# Provided entries

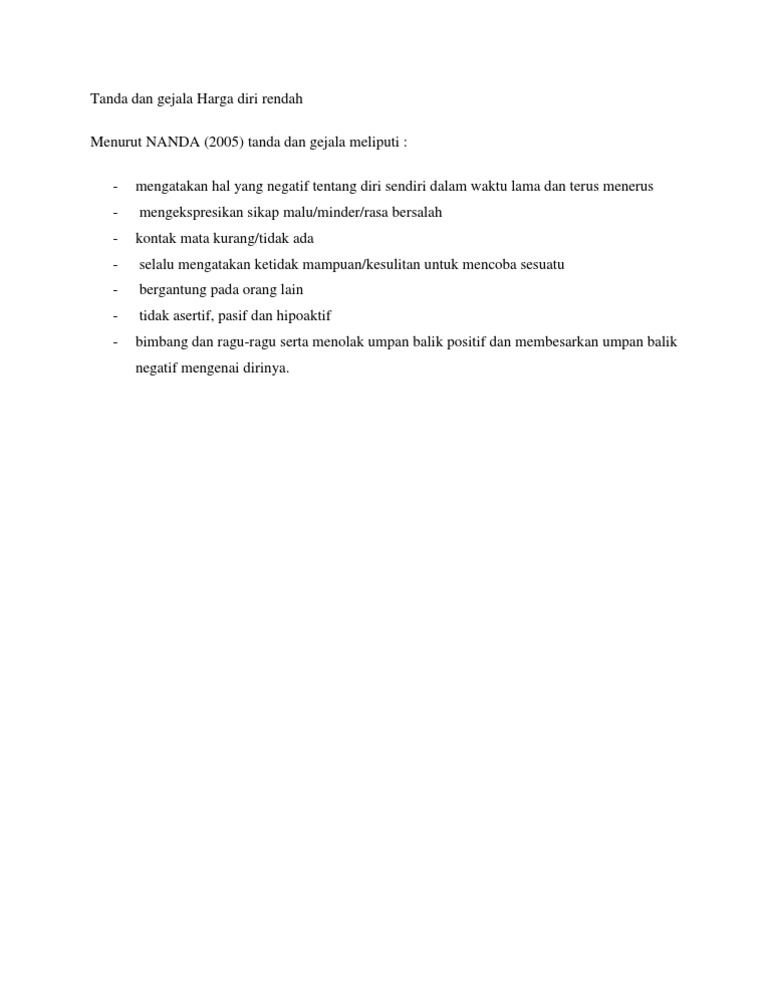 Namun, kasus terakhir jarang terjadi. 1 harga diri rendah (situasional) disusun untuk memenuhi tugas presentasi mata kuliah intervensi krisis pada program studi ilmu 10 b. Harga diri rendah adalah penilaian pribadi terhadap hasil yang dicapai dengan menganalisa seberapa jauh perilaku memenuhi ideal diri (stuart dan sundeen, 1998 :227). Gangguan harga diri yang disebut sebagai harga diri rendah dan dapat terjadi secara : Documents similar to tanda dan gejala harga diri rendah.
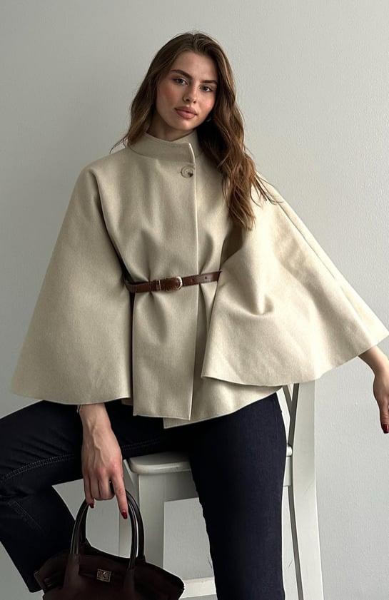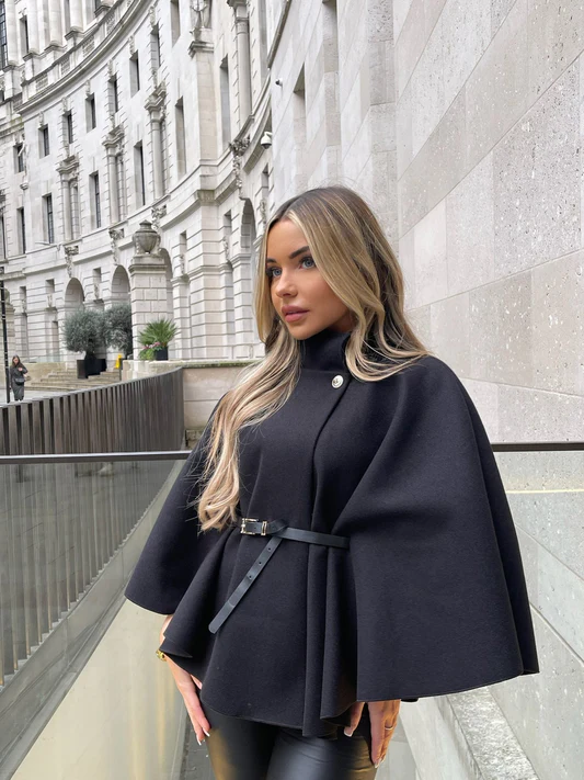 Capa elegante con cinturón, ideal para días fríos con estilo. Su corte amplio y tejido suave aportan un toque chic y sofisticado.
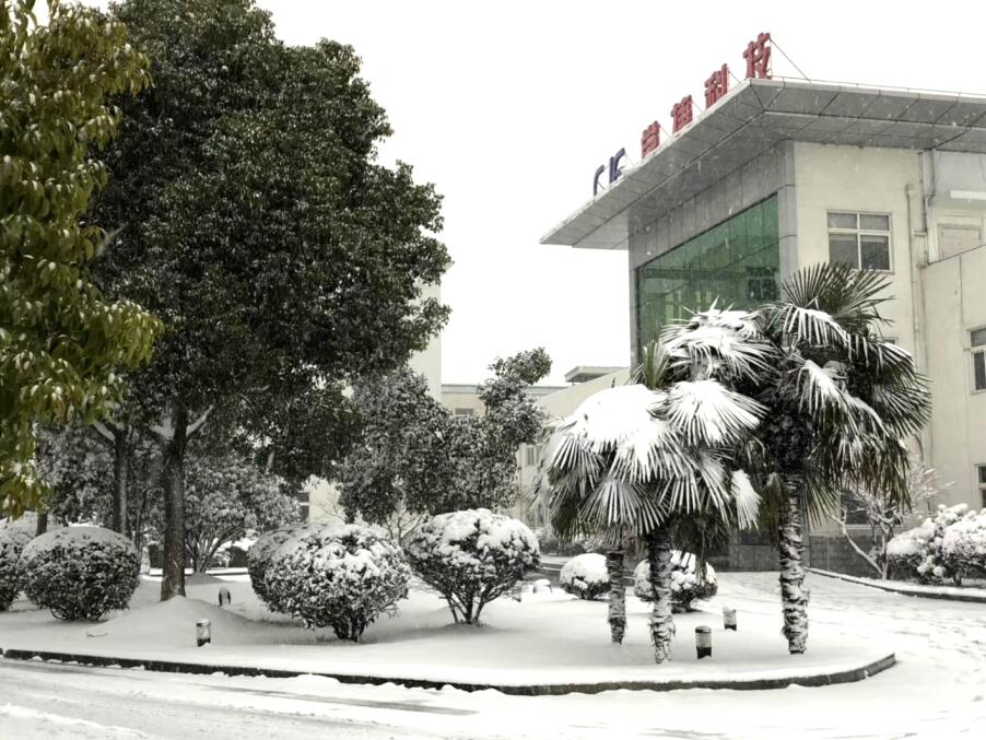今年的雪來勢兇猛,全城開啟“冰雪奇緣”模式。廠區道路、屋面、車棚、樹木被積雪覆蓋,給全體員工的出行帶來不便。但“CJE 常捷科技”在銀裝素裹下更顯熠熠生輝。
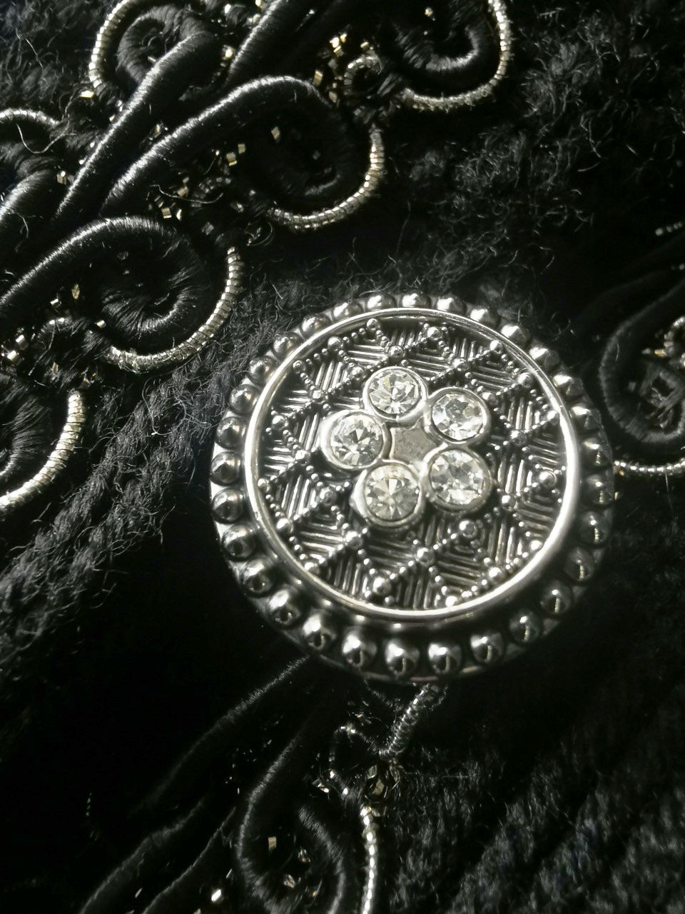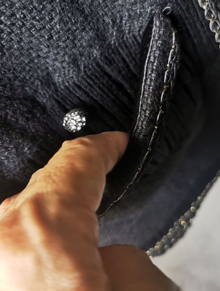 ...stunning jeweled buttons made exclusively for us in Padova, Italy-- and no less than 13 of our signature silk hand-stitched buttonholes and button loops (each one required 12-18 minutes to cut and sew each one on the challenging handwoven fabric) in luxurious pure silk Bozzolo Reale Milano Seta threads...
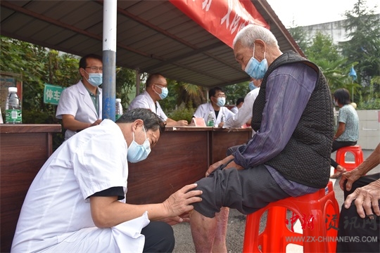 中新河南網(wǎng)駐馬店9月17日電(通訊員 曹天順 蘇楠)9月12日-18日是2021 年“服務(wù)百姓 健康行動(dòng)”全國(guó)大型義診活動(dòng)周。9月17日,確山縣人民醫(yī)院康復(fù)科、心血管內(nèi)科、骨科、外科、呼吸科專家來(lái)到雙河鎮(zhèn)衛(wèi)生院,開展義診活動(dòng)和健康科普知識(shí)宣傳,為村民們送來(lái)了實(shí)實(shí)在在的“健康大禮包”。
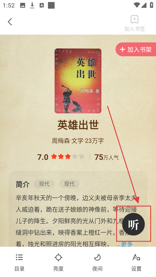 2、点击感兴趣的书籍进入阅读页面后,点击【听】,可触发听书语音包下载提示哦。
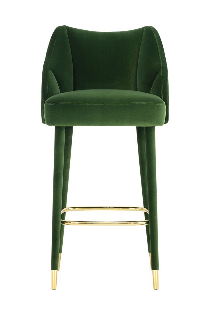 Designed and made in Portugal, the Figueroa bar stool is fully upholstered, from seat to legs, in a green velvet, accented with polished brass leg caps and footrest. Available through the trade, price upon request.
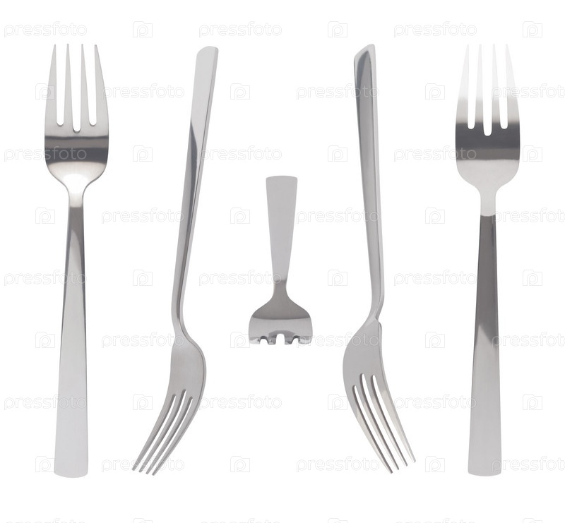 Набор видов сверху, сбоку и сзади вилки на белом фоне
---
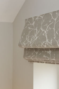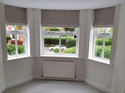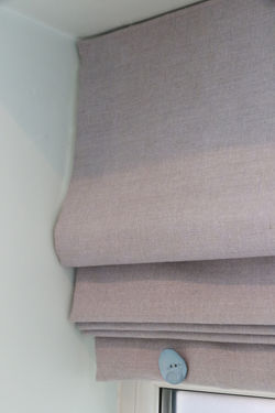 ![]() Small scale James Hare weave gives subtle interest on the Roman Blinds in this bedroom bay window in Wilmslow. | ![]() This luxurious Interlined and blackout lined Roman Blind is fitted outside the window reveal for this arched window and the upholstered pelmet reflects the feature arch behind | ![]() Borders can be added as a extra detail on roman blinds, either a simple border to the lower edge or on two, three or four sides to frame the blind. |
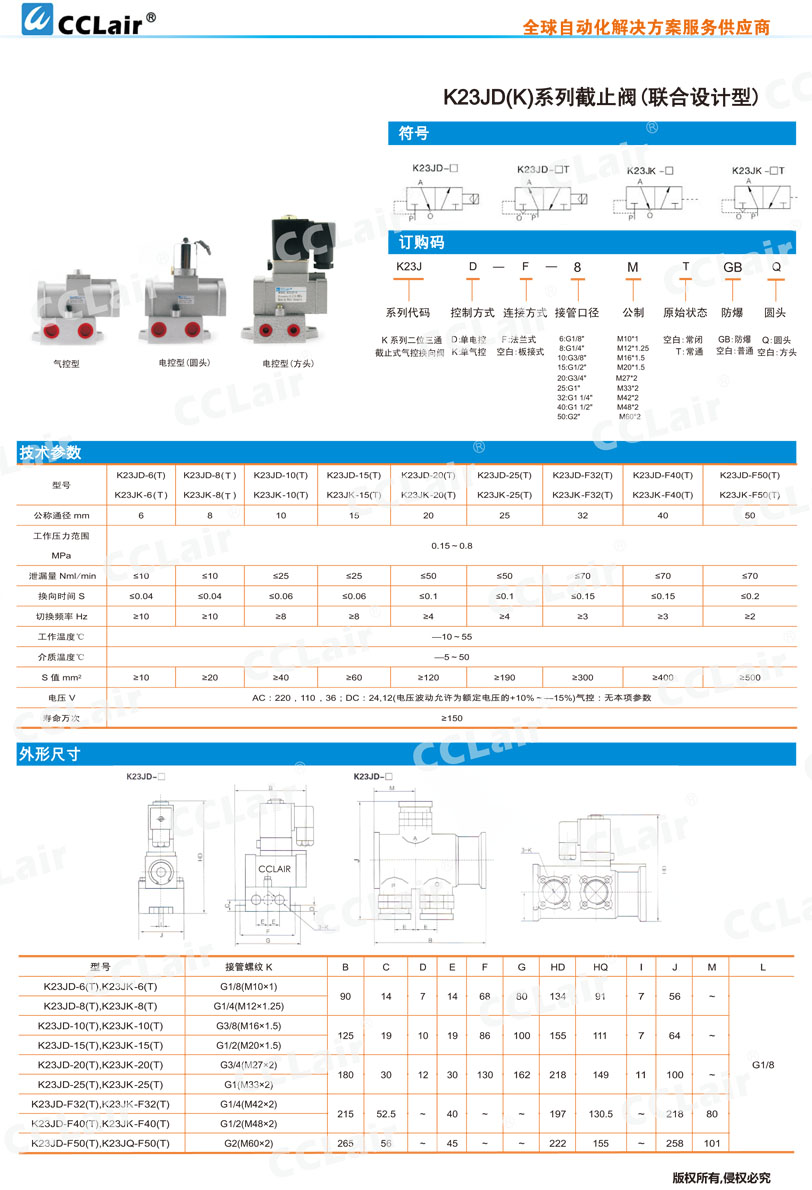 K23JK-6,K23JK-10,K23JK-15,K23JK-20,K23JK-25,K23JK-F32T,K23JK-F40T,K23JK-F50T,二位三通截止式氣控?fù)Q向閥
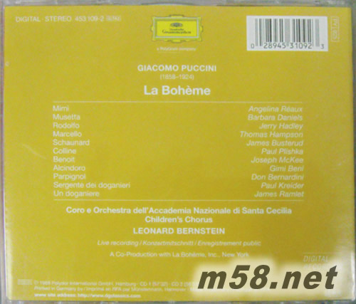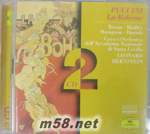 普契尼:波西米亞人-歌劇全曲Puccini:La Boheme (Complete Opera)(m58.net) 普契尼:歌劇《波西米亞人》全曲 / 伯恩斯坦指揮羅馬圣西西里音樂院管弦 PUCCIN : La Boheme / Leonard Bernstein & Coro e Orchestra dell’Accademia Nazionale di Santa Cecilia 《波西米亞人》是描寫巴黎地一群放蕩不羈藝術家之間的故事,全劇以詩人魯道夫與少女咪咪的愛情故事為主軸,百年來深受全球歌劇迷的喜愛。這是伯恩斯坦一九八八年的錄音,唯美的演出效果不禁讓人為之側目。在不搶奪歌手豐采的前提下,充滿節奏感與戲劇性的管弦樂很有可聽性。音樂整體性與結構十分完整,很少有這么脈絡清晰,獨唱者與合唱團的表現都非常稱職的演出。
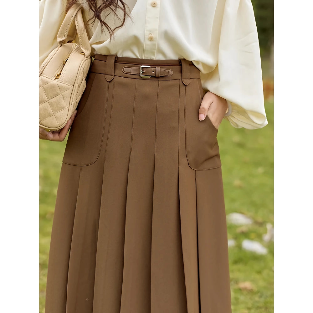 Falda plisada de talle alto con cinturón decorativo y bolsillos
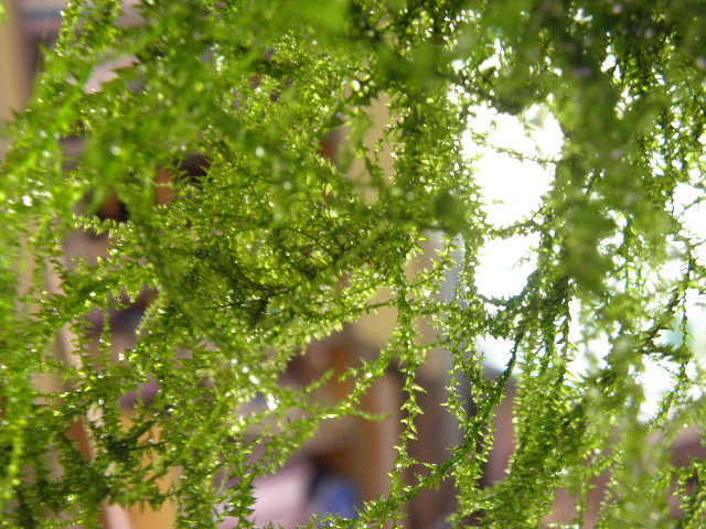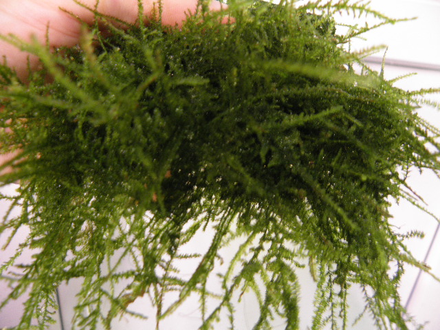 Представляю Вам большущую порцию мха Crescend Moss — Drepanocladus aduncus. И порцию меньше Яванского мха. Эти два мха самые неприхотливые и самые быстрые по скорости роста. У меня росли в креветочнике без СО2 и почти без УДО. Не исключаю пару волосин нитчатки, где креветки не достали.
==
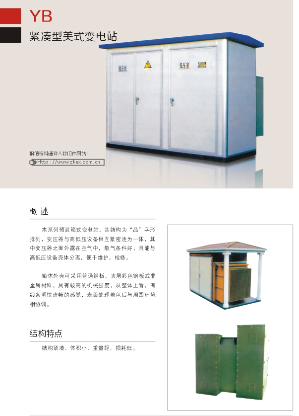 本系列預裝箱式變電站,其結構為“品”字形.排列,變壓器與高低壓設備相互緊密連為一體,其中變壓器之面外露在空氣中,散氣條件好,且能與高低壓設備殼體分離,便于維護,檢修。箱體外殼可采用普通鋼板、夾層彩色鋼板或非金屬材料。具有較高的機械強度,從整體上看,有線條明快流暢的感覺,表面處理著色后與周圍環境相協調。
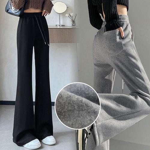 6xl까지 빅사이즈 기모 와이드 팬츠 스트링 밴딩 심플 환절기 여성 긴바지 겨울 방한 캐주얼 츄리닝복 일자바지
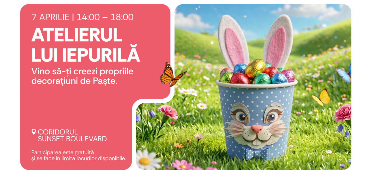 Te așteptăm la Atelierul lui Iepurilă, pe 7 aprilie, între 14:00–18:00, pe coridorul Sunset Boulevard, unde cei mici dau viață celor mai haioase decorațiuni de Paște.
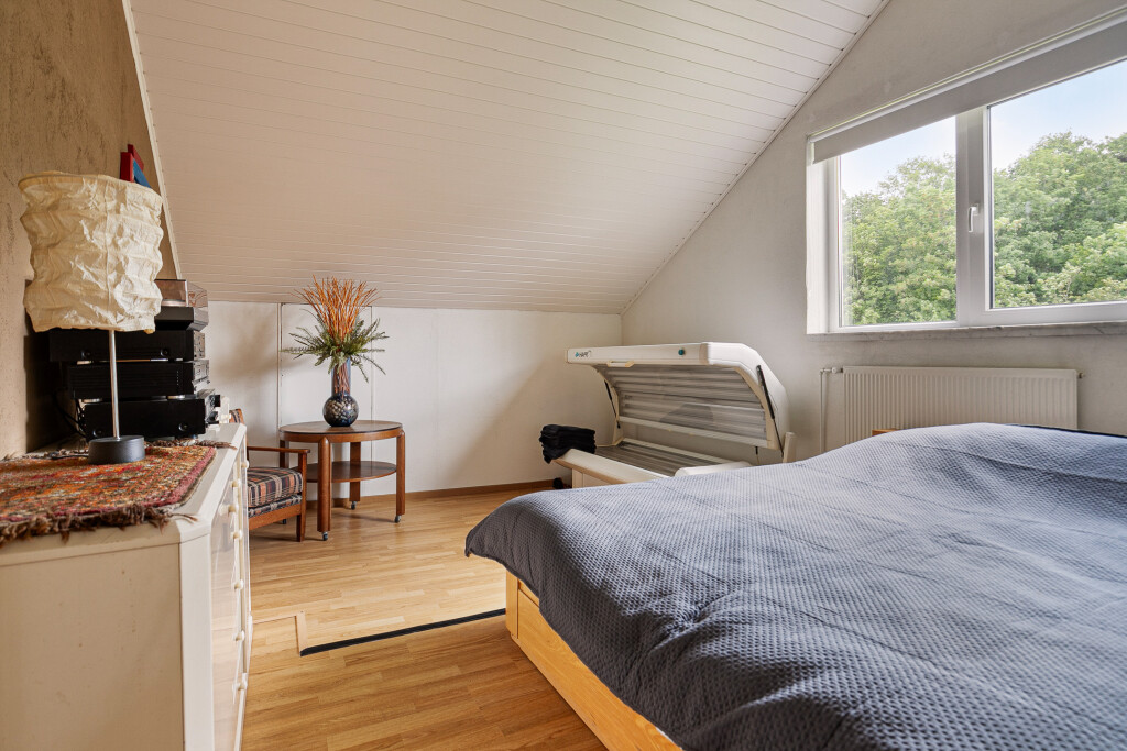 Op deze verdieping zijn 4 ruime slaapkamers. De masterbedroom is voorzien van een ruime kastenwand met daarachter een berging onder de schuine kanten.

# Exercise aim
Look through the material above. Transcribe exactly the lines between the ones with "Designed and made" and "Набор видов сверху, сбоку", inclusive, and keep pictures out.

# Completed exercise
 Designed and made in Portugal, the Figueroa bar stool is fully upholstered, from seat to legs, in a green velvet, accented with polished brass leg caps and footrest. Available through the trade, price upon request.
 Набор видов сверху, сбоку и сзади вилки на белом фоне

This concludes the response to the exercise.